The starter code is initialized to 'placeholder' just so that the starter
code does not crash when run unmodified and you can get a preview of how
results are presented.

## Setup

In [1]:
# Set up parameters, image paths and category list
%matplotlib notebook
%load_ext autoreload
%autoreload 2

import cv2
import numpy as np
import os.path as osp
import pickle
from random import shuffle
import matplotlib.pyplot as plt
from utils import *
import student_code as sc


# This is the list of categories / directories to use. The categories are
# somewhat sorted by similarity so that the confusion matrix looks more
# structured (indoor and then urban and then rural).
categories = ['Kitchen', 'Store', 'Bedroom', 'LivingRoom', 'Office', 'Industrial', 'Suburb',
              'InsideCity', 'TallBuilding', 'Street', 'Highway', 'OpenCountry', 'Coast',
              'Mountain', 'Forest'];
# This list of shortened category names is used later for visualization
abbr_categories = ['Kit', 'Sto', 'Bed', 'Liv', 'Off', 'Ind', 'Sub',
                   'Cty', 'Bld', 'St', 'HW', 'OC', 'Cst',
                   'Mnt', 'For'];

# Number of training examples per category to use. Max is 100. For
# simplicity, we assume this is the number of test cases per category, as
# well.
num_train_per_cat = 100

# This function returns lists containing the file path for each train
# and test image, as well as lists with the label of each train and
# test image. By default all four of these lists will have 1500 elements
# where each element is a string.
data_path = osp.join('..', 'data')
train_image_paths, test_image_paths, train_labels, test_labels = get_image_paths(data_path,
                                                                                 categories,
                                                                                 num_train_per_cat);

## Section 1: Tiny Image features with Nearest Neighbor classifier

### Section 1a: Represent each image with the Tiny Image feature

Each function to construct features should return an N x d numpy array, where N is the number of paths passed to the function and d is the dimensionality of each image representation. See the starter code for each function for more details.

In [2]:
print('Using the TINY IMAGE representation for images')

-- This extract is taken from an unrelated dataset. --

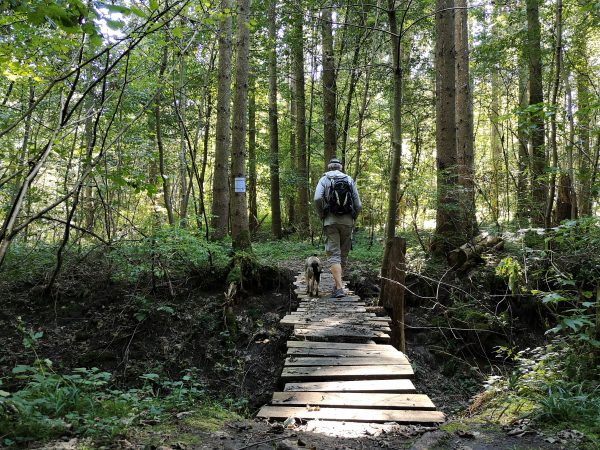 Über diese Brücke queren wir die Windach - und wandern nun, vom Fluss entfernt, durch den Wald.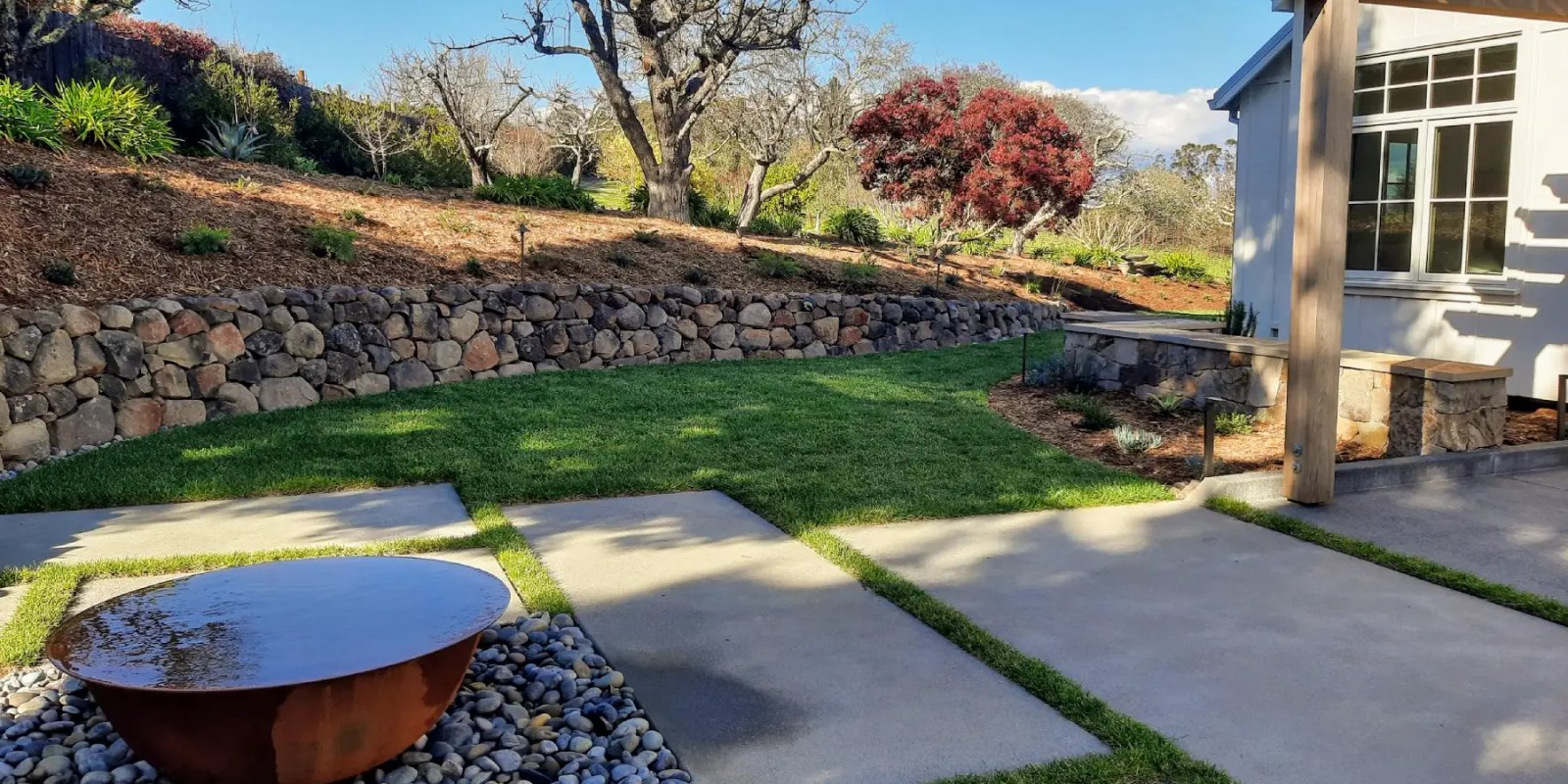 Modern hardscape designs like this are becoming increasingly popular in Santa Rosa and Sonoma County because they offer:

train_image_feats = sc.get_tiny_images(train_image_paths, standardize_pixels=True)
test_image_feats = sc.get_tiny_images(test_image_paths, standardize_pixels=True)

Using the TINY IMAGE representation for images
Standardizing
Standardizing


### Section 1b: Classify each test image by training and using the Nearest Neighbor classifier

Each function to classify test features will return an N element list, where N is the number of test cases and each entry is a string indicating the predicted category for each test image. Each entry in 'predicted_categories' must be one of the 15 strings in 'categories', 'train_labels', and 'test_labels'. See the starter code for each function for more details.

In [3]:
print('Using NEAREST NEIGHBOR classifier to predict test set categories')

predicted_categories = sc.nearest_neighbor_classify(train_image_feats, train_labels, test_image_feats,\
                                                    perform_kNN=True, k=11)

Using NEAREST NEIGHBOR classifier to predict test set categories


### Section 1c: Build a confusion matrix and score the recognition system

(You do not need to code anything in this section.)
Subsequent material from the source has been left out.